══ Data provided
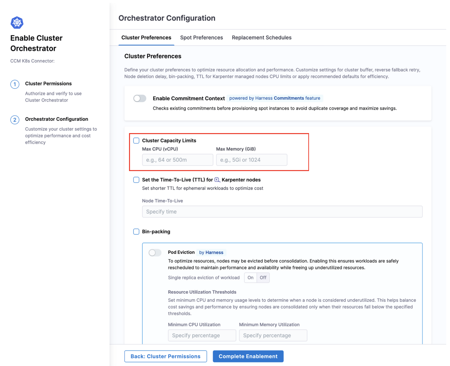 Bin Packing Notification Enhancement: If Bin Packing is disabled for a cluster within the Cluster Orchestrator, a notification banner and confirmation dialogue will appear upon saving, indicating that “Bin Packing must be enabled for cluster scale-down and optimal node utilisation.” [CCM-25324]
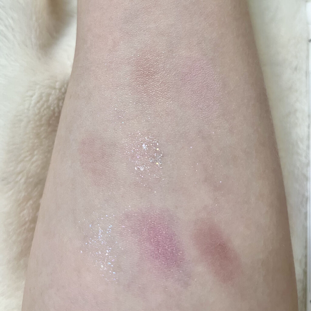 好きな色味すぎて、絶対買うって決めてたやつ!💜***くすみパープルブラウン+パープルラメ🔮ラメ以外の3色はしっかりマットだからラメの量を調節することでいろんな使い方ができて、お仕事用にも良さそう!👩🏻⚕️発色はそんなに良くないからしっかり指...
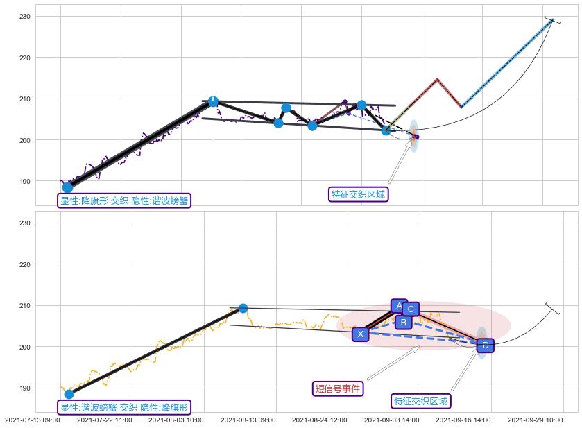 ➢ 谐波螃蟹属【短级别信号事件】降旗形属【长级别信号事件】长短周期组合信号事件, 短长事件长度比23.40%
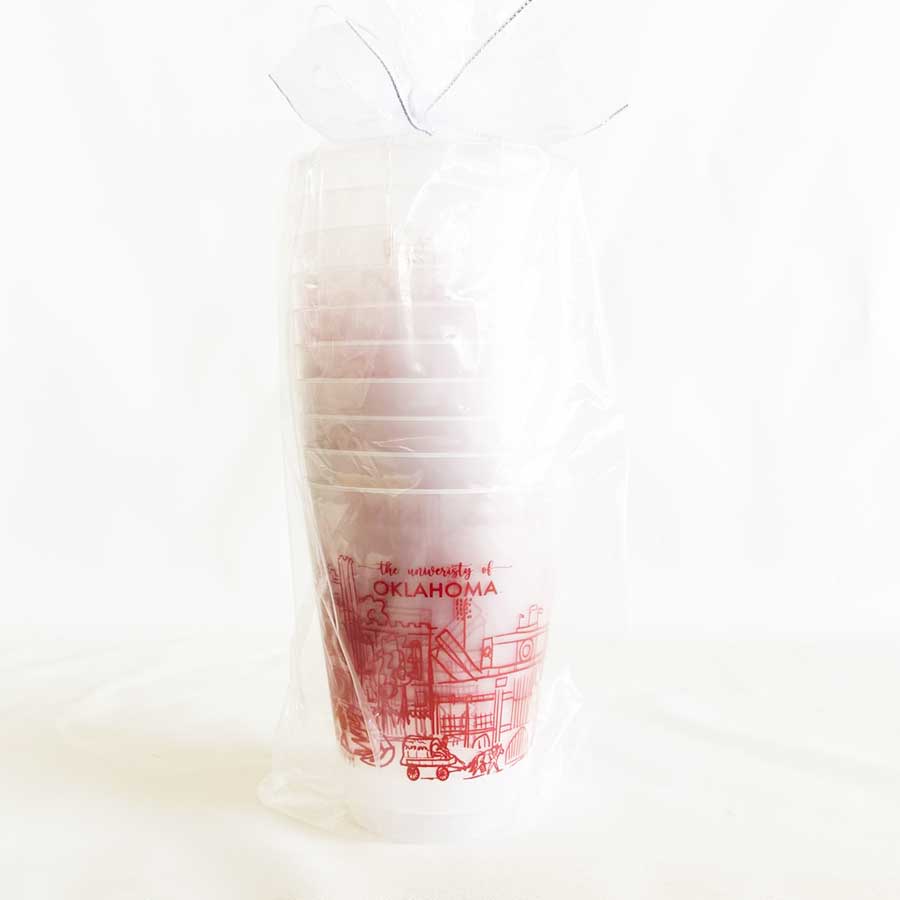 A cute and affordable addition to your Oklahoma University Sooner celebration – either on campus or at home – with some of the most recognizable landmarks on the Oklahoma University campus in Norman, Oklahoma. From Old Central to Student Union, these cute campus skyline cups show the following OU campus landmarks
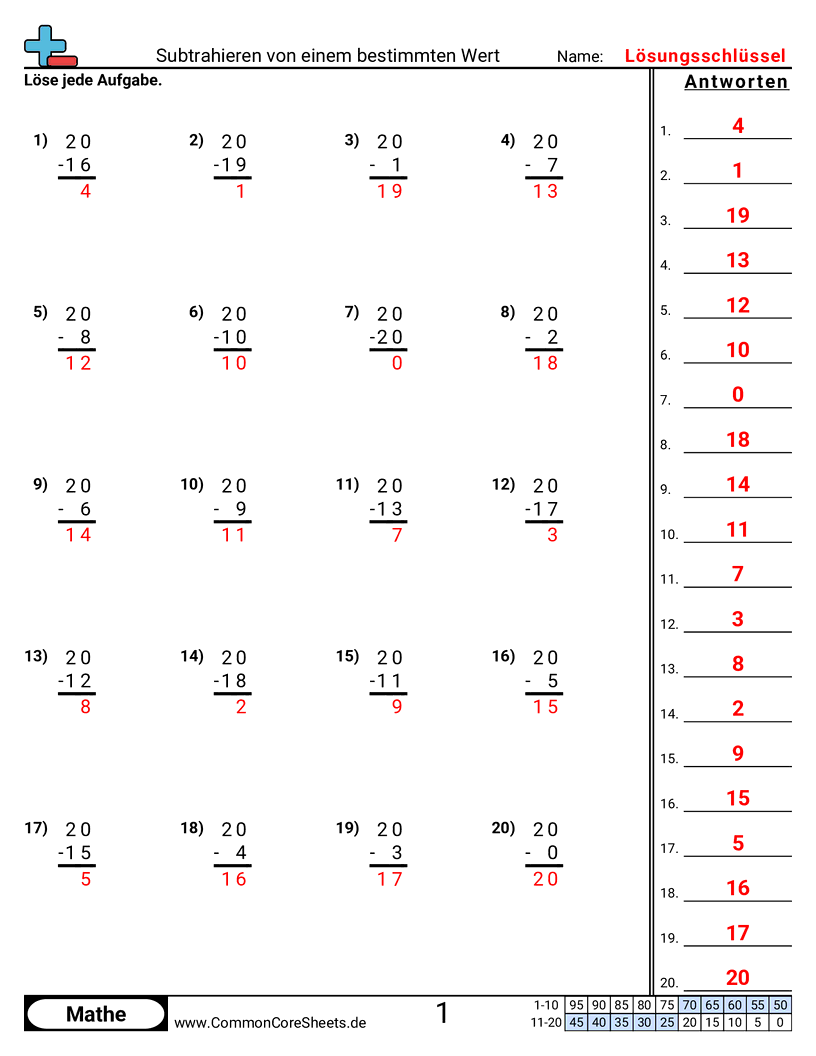Kostenlose math-Arbeitsblätter zu Subtrahieren von einem bestimmten Wert. Jedes Arbeitsblatt enthält 20 Aufgaben mit Lösungsschlüssel und ist ideal für Lehrkräfte und Homeschooling. Sie können das PDF herunterladen, Karteikarten erstellen oder es für Online-Lernen nutzen.
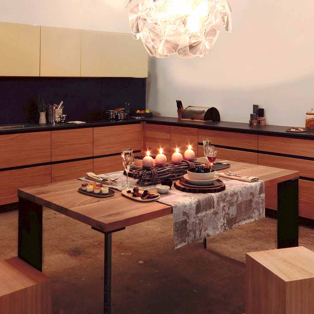 La table fixe Yvonne se caractérise par un plateau en noyer italien naturel peint avec un effet naturel, des pieds en anthracite, un revêtement en poudre.
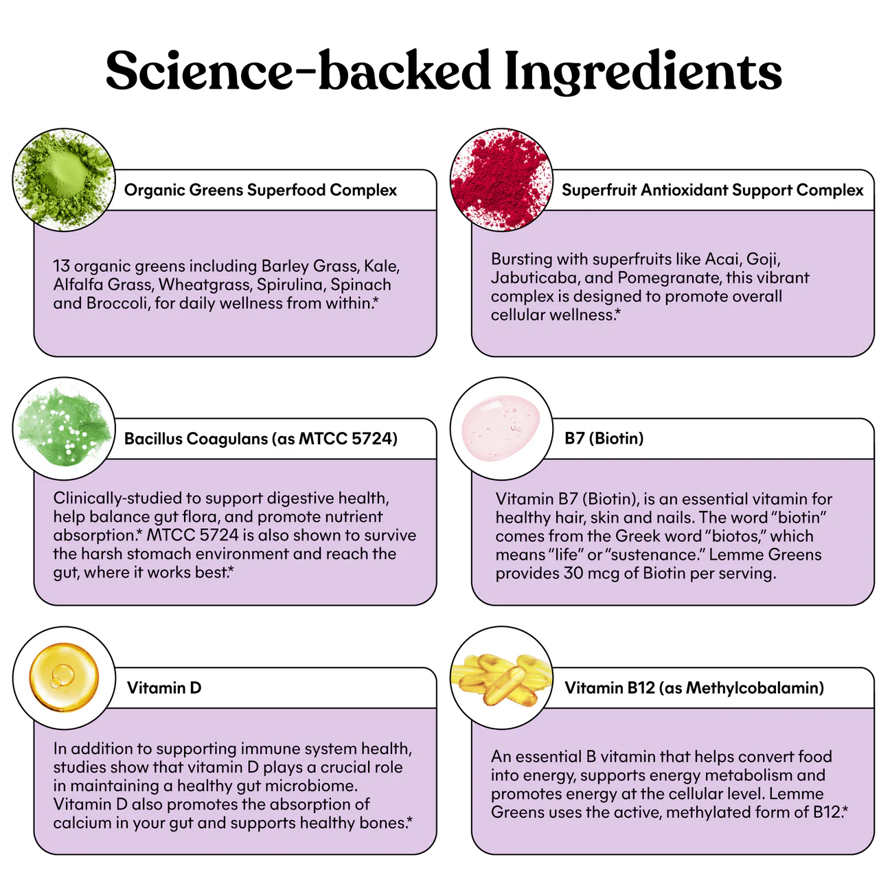 Formulado con más de 20 verduras y superfrutas, vitamina D3 y B12 metilada para un bienestar diario. Además, probióticos clínicamente estudiados que favorecen la salud intestinal, combaten la hinchazón y promueven un microbioma intestinal saludable.*
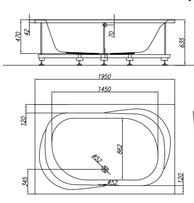 Kád, Kolpa San 593200 Adam&Eva 195×125 beépíthető fürdőkád
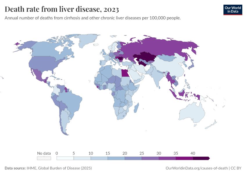 IHME, Global Burden of Disease (2025) – with major processing by Our World in Data. “Death rate from liver disease – IHME” [dataset]. IHME, Global Burden of Disease, “Global Burden of Disease - Deaths” [original data]. Retrieved April 11, 2026 from https://bespoke-viz-urb.owid.pages.dev:8789/20260323-161325/grapher/death-rate-from-liver-disease-gbd.html (archived on March 23, 2026).
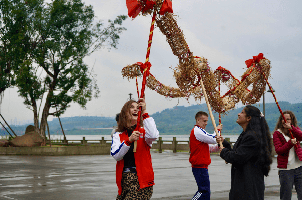 作為省級非遺項目,李莊草龍龍骨取自竹,龍身以金黃的稻草紮制而成。草龍舞配以鑼、鼓等進行表演,十分熱鬧。在藝人的翻舞騰挪下,一時間真的如一條巨龍飛舞,威猛靈動、栩栩如生,令人挪不開眼。“我來試一下打節奏!”來自烏克蘭的柴可夫斯基拿起鼓錘加入瞭草龍舞的表演隊伍。友人們踩著鼓點,拿起竹竿,跟著老師們舞起瞭草龍。除瞭舞草龍,友人們還親手體驗瞭李莊草龍制作,瞭解瞭當地悠久的草龍文化。
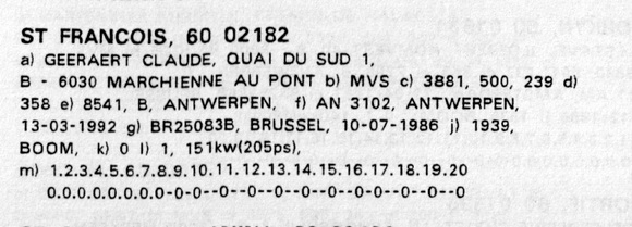Pour ce numéro, dans l'IVR 1989, on trouve un SAINT FRANCOIS, d'un chantier de Boom de 1939 :
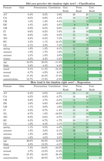 In order to find out which of the variables had a high impact on tinnitus prediction, we looked at the feature importance of the Gradient Boosting Machine. In order to determine the feature importance more accurately, we investigated three methods. The first is called the Gini importance, the second the permutation importance, and the last the correlation. These three methods measure the feature importance in different units, which makes it impossible to compare importance between methods. However, in order to make the results comparable we created an importance ranking. The lower (i.e., greener) the ranking number is, the more important the feature is for the model to predict the target. Figure 2 shows the features with their importances for the models. We calculated the feature importance for each model (classifier and regressor) separately. In order to classify the momentary tinnitus, demographic features are most important, with an average rank of 4.5. To regress the tinnitus loudness, the daily questions are most important with an average rank of 4.16). For both models, age is the most important feature (average rank = 2), as it has a high cardinality. Conversely, country has a lower importance (average rank = 13.6), as it has only a low cardinality with low variance. For each model, the Gini importance values within one column add up to 100%, while the permutation importance indicates the absolute increase of the error rate if that feature was left out. As the percentages cannot be compared between columns, only within a column, the ranks of the feature importances are provided. As age is a feature with high cardinality, it clearly helps the tree-based Gradient Boosting Machines to predict the targets. The high feature importance for the age variable could be an indication of overfitting of users with many assessments. The permutation importance of 29.7% suggests that the performance becomes 29.7% percentage points worse when age is replaced by a random variable. For example, almost all Russian users consistently answered the question about current tinnitus in the affirmative. Within the countries feature, Russia therefore has a high correlation with current tinnitus. However, because there are relatively few users compared to all users, the Gini importance for Russia only shows a value of 2.19%.
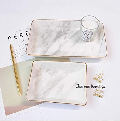 “アクセサリートレイ アクセサリー収納 小物入れ ジュエリー収納 ジュエリートレイ 可愛い おしゃれ インテリア 置物 陶器 長方形 大理石模様 S:13.5X10.6X2.3CM グレー” の口コミを投稿します
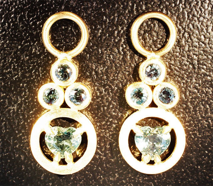 Вашему вниманию предлагаются подвесы для серег из желтого золота 585 пробы с сапфирами и александритами! Диаметр вставок 2,2 мм и 2,3 мм. Размеры изделия 21 х 8 мм. Вес пары 2,14 г. Ниже приводятся ювелирные характеристики сапфиров.
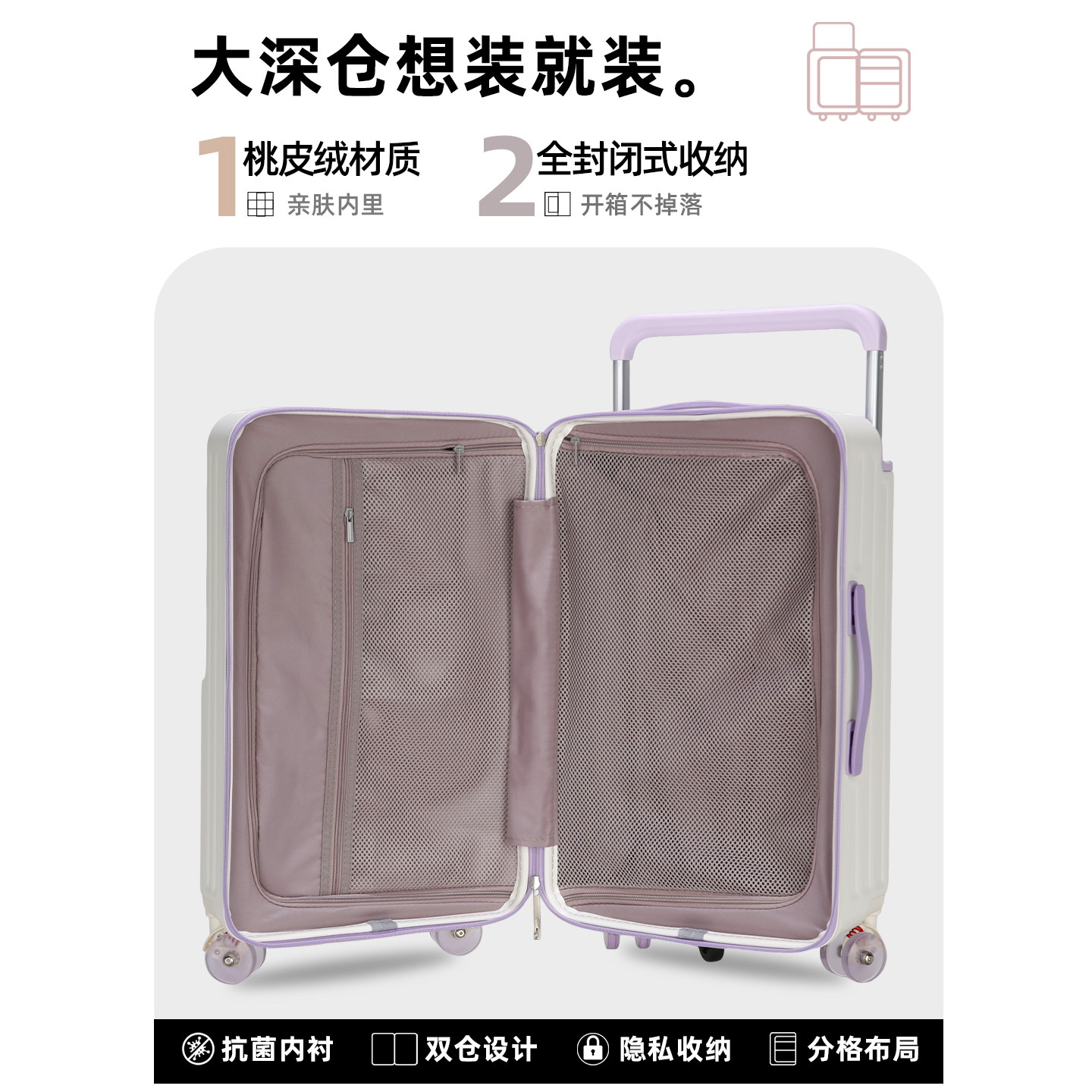 御行新款双层防爆拉链桃皮绒PC双轴承静音轮24旅行箱拉杆箱万向轮
════
Assignment: In the answer, repeat exactly the lines from the top of the entries above through the line with "La table fixe", and leave pictures out of it.

Reply to the task:
 Bin Packing Notification Enhancement: If Bin Packing is disabled for a cluster within the Cluster Orchestrator, a notification banner and confirmation dialogue will appear upon saving, indicating that “Bin Packing must be enabled for cluster scale-down and optimal node utilisation.” [CCM-25324]
 好きな色味すぎて、絶対買うって決めてたやつ!💜***くすみパープルブラウン+パープルラメ🔮ラメ以外の3色はしっかりマットだからラメの量を調節することでいろんな使い方ができて、お仕事用にも良さそう!👩🏻⚕️発色はそんなに良くないからしっかり指...
 ➢ 谐波螃蟹属【短级别信号事件】降旗形属【长级别信号事件】长短周期组合信号事件, 短长事件长度比23.40%
 A cute and affordable addition to your Oklahoma University Sooner celebration – either on campus or at home – with some of the most recognizable landmarks on the Oklahoma University campus in Norman, Oklahoma. From Old Central to Student Union, these cute campus skyline cups show the following OU campus landmarks
Kostenlose math-Arbeitsblätter zu Subtrahieren von einem bestimmten Wert. Jedes Arbeitsblatt enthält 20 Aufgaben mit Lösungsschlüssel und ist ideal für Lehrkräfte und Homeschooling. Sie können das PDF herunterladen, Karteikarten erstellen oder es für Online-Lernen nutzen.
 La table fixe Yvonne se caractérise par un plateau en noyer italien naturel peint avec un effet naturel, des pieds en anthracite, un revêtement en poudre.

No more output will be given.